The KDM1A antibody is a crucial tool in epigenetic research, targeting the lysine-specific demethylase 1A (KDM1A/LSD1), a flavin-dependent enzyme that removes methyl groups from histone H3 lysine 4 (H3K4) and lysine 9 (H3K9). Discovered in 2004. KDM1A regulates gene expression by modifying chromatin structure, playing roles in cell differentiation, proliferation, and oncogenesis. It interacts with transcriptional repressors (e.g., CoREST) and activators, enabling context-dependent gene silencing or activation. Dysregulation of KDM1A is linked to cancers, neurological disorders, and developmental defects, making it a therapeutic target.
KDM1A antibodies are widely used in techniques like Western blotting, immunohistochemistry, ChIP-seq, and immunofluorescence to study its expression, localization, and molecular interactions. High-quality antibodies must demonstrate specificity, as KDM1A shares structural homology with other amine oxidases. Validated antibodies help explore its role in stem cell biology, cancer metastasis, and neurodegenerative diseases. Recent studies also highlight its involvement in immune regulation and metabolic pathways.

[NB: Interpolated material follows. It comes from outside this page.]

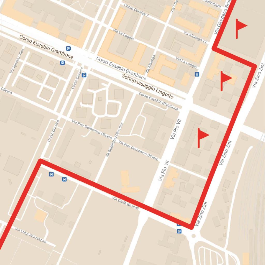 Procedete dando un’occhiata agli interni delle case più avanti – dove potrete scorgere anche orti nei cortili – e arrivate all’incrocio con via Bossoli. Al fondo a sinistra vedete il grande piazzale della stazione FS Lingotto. Svoltate a destra in via Bossoli e seguitela per tre incroci svoltando infine a sinistra in corso Corsica, che dovete seguire fino al suo termine, infilandovi nell’area verde che vi conduce a via Passo Buole. Attraversate ed entrate nel ► parco Di Vittorio. Aperto negli anni Cinquanta, il parco sorge sull’area un tempo occupata dal cimitero del borgo Lingotto. Attraversatelo in diagonale secondo il percorso che più vi piace e una volta dall’altra parte superate l’isolato di palazzi e raggiungete corso Traiano. Prendete a sinistra fino al semaforo con via Pio VII e poi a destra. Proseguite su via Pio VII fino al grande incrocio con via Onorato Vigliani.

Commercial KDM1A antibodies are typically raised against epitopes in its N-terminal SWIRM domain, C-terminal amine oxidase domain, or unique peptide sequences. Researchers prioritize antibodies verified in knockout models or siRNA-treated cells to avoid cross-reactivity. As KDM1A inhibitors enter clinical trials, reliable antibodies remain essential for biomarker analysis and mechanistic studies, underscoring their significance in both basic research and translational medicine.